Highlights of first quarter operating results:

  • Net earnings of $15.5 million, or $2.21 per diluted share vs. net earnings of $10.9 million, or $1.53 per diluted share for prior year quarter
  • Revenues of $172 million compared to $164 million for the prior year quarter; current quarter includes a $1.9 million increase in interest income and same store revenue increase of 3.3%
  • Interest income increased 9.5% with an 8.1% increase in average finance receivables
  • Gross profit dollars increased $1.3 million, or 2.1%, to $61.2 million, and gross profit dollars per retail unit sold increased by $104, or 2.2%, to $4,886
  • Net Charge-offs as a percent of average finance receivables decreased to 5.4%, compared to 6.4% for the prior year quarter
  • Allowance for credit losses reduced from 25% to 24.5% of finance receivables, net of deferred revenue, resulting in a $2.6 million decrease in the provision for credit losses (1.7% of sales), a $2.0 million after-tax benefit ($0.29 per diluted share)
  • Provision for credit losses of 21.0% of sales vs. 26.1% for prior year quarter
  • Strong cash flows supporting the increase in revenues, the $17.8 million increase in finance receivables, $7.2 million increase in inventory, $1.0 million in net capital expenditures and $4.7 million in common stock repurchases (55,507 shares) with a $5.8 million increase in total debt

“We are pleased to report another solid quarter. We are off to a great start for the fiscal year and we are excited about our positive momentum and the impact we are making in the lives of our customers and associates. The investments we have made and will continue to make focus primarily on recruiting, training and retention of associates with emphasis on the General Manager position and are allowing us to grow the business and to significantly improve our credit results. As always, we invest in our business for the long-term and we are proud of our progress,” said Jeff Williams, President and Chief Executive Officer of America’s Car-Mart, Inc. “For the quarter, we added almost 1,600 customers, and our top line was up about 5% over the prior year quarter. We are optimistic that on-going improvements and changes being made to our field sales efforts and with our inventory, together with our increased digital focus, will lead to sales volume improvements into the future.” 

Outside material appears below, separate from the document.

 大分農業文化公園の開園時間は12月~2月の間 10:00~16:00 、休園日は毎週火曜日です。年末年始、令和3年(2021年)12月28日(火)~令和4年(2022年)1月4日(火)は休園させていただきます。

“We are pleased to see both gross profit dollars per unit sold increase and interest income as a percentage of average finance receivables improve, which is related to our improved collections and credit results. More customers are being successful which is reflected in our net charge-offs being down significantly for the quarter.  We continue to focus on buying better cars and improving deal structures and the execution of collections practices,” said Mr. Williams.  “Additionally, our efforts to improve the customer experience is having a significant positive effect on credit results and we expect to continue to see benefits from this effort. We know that the quality of the vehicle is the most important factor related to customer experience and we must always prioritize ‘Keeping our Customers on the Road.’

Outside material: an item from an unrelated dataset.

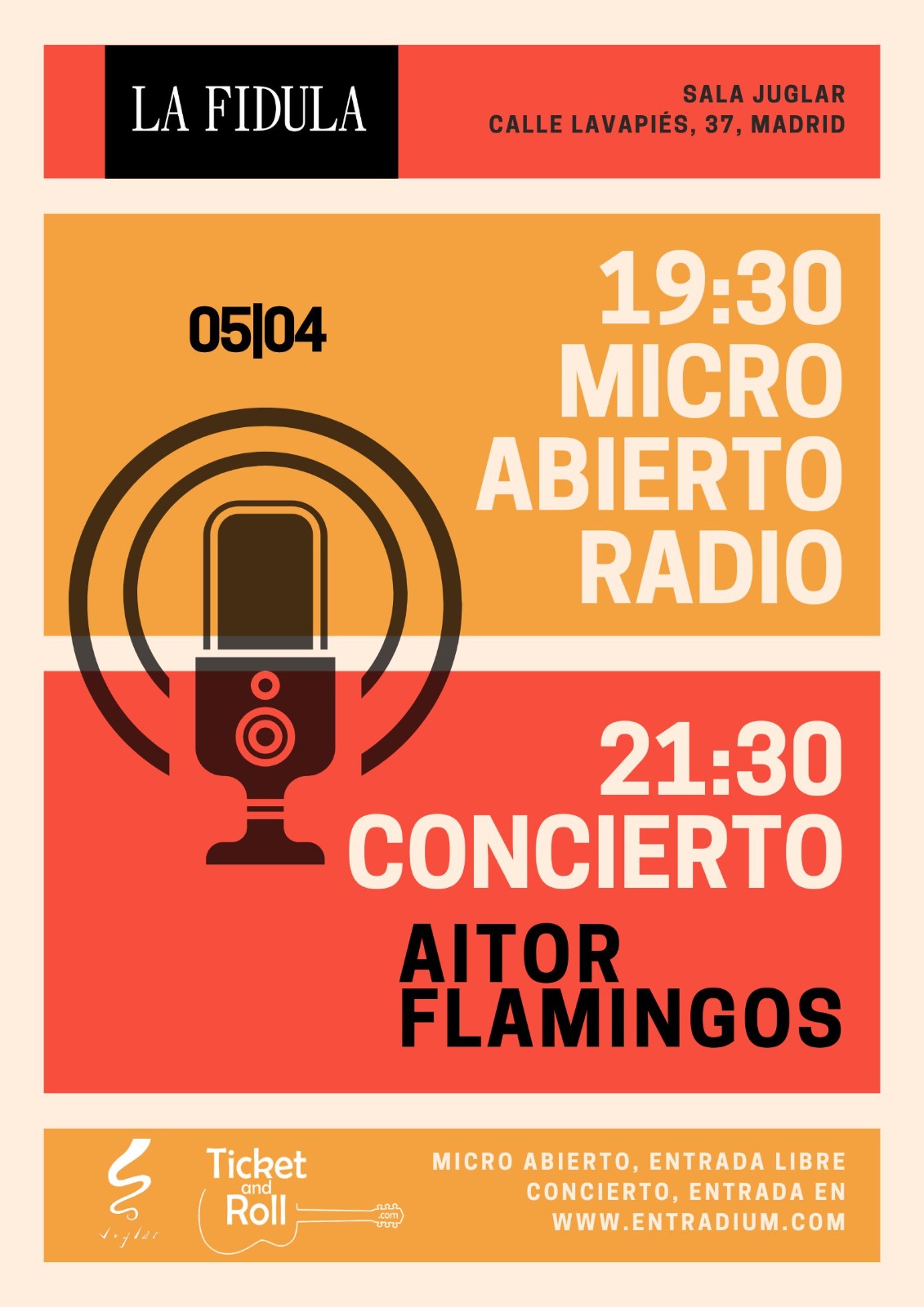 Tras el Micro Abierto Radio tendrá lugar, en la misma Sala Juglar, el concierto de Aitor Flamingos, quien estará acompañado del magnífico violinista Manu Clavijo. Las entradas para el concierto de Aitor Flamingos se pueden adquirir en Ticket and roll: https://ticketandroll.com/evento/aitor-flamingos-y-manu-clavijo-en-concierto/

“We opened new dealerships in Bryant, Arkansas and Conway, Arkansas during the quarter. We are planning to add a few more locations this year and will provide details as we move forward. We will add additional locations in the future at a rate that matches our ability to support customers and associates at the highest levels,” said Mr. Williams. “Our primary focus in the near term is to continue to grow customer count at existing dealerships with an emphasis on our higher performing General Managers to leverage their talents while making the communities we serve better.”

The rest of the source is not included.